Dog Parks and Gentrification

When is a dog park more than just a park for dogs?

2 minute read

February 28, 2019, 1:00 PM PST

By James Brasuell @CasualBrasuell

Shibuya, Tokyo

Piu_Piu / Shutterstock

Kriston Capps reports on plans for a "luxury dog park" included in the controversial Lincoln Yards mega-development planned in Chicago.

When it’s completed over the next decade or so, the dog park nestled inside Lincoln Yards, a much-discussed $6 billion mega-development now taking shape on Chicago’s waterfront, could be the toniest pet playground in the nation. With its splash pool and pug-mug video installation—an homage to Millennium Park’s famous Crown Fountain—the only thing SOM’s design for Chicago puppers is missing is an oversized mirrored bone.

Though the dog park is one of the least controversial components of the project, according to Capps, it's still a "small marker of disparity in the city." The consequences of this marker, "range from worrisome sign of neighborhood gentrification to outright structural inequality," writes Capps.
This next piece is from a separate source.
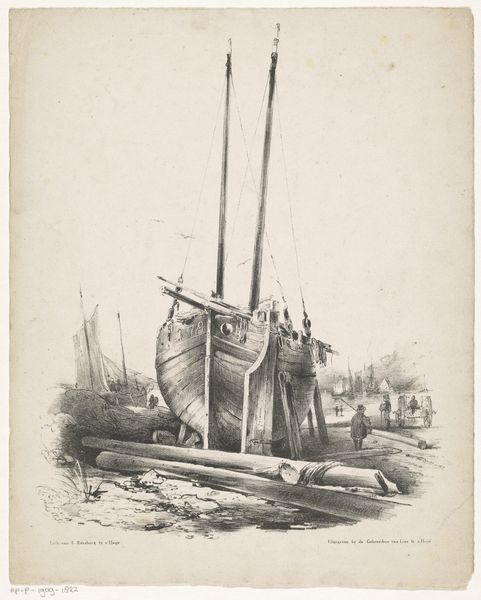 Editor: Okay, so we're looking at "Spotprent op de vorming van een conservatief ministerie met een liberaal achtergrond," which roughly translates to "Cartoon on the Formation of a Conservative Ministry with a Liberal Background," created in 1873 by Johan Michaël Schmidt Crans. It's an ink and pen drawing, quite detailed. It strikes me as both comical and critical. What exactly is going on here? How do you read this artwork? Curator: Ah, this piece is a delightful jab at political maneuvering. Imagine a group of rather disgruntled men straining with all their might to hoist... what appears to be a rather unstable political structure? You'll notice the phrase "Conservatief Ministerie" dangling precariously above, while at the base we see "Liberale Beginselen". Editor: It seems like they're struggling quite a bit. And one of them appears to have completely lost his grip! Curator: Precisely! Crans uses the metaphor of construction to comment on the awkward coalition between conservative and liberal factions at the time. The instability and struggle depicted suggests the inherent difficulty, perhaps even impossibility, of reconciling such opposing ideologies. Almost a satire in artistic form, don’t you think? Like watching a tragicomedy unfold, right before our eyes! And the tools scattered on the deck! Has something been dropped in dismay, perhaps? Is that one figure literally “out”? Ask yourself: what does Crans mean when including these seemingly small clues? Editor: Definitely feels like things are about to fall apart. It's interesting how a simple drawing can convey such a complex political message. The pen and ink really amplify that sense of urgency and slight chaos, too. I hadn't considered all the layers to it. Curator: Art is all about layers, isn't it? This piece reminds us that even seemingly simple sketches can be powerful social commentary and reveal all sorts of hidden messages from the past. It also highlights that universal sentiment; politics and alliances always appear more challenging on the inside, than from afar! Editor: I’ll remember that, thanks.

Capps details the imbalance of dog park locations in the city of Chicago, where the fine for allowing having a dog off-leash is $300. Tickets for off-leash dogs are disproportionately written in African-American neighborhoods, and dog parks are disproportionately located in affluent, whiter neighborhoods. "Almost all of Chicago’s dog parks fall in areas that are majority white, though such neighborhoods make up a relatively small part of Chicago’s geography," explains Capps.

Still, there's reason to think the imbalance might change. Plans for five dog parks are currently in the works for the South Side of Chicago. Capps also connects the Chicago example to the larger, national conversation about the growing influence of dog owners in parks and open space planning.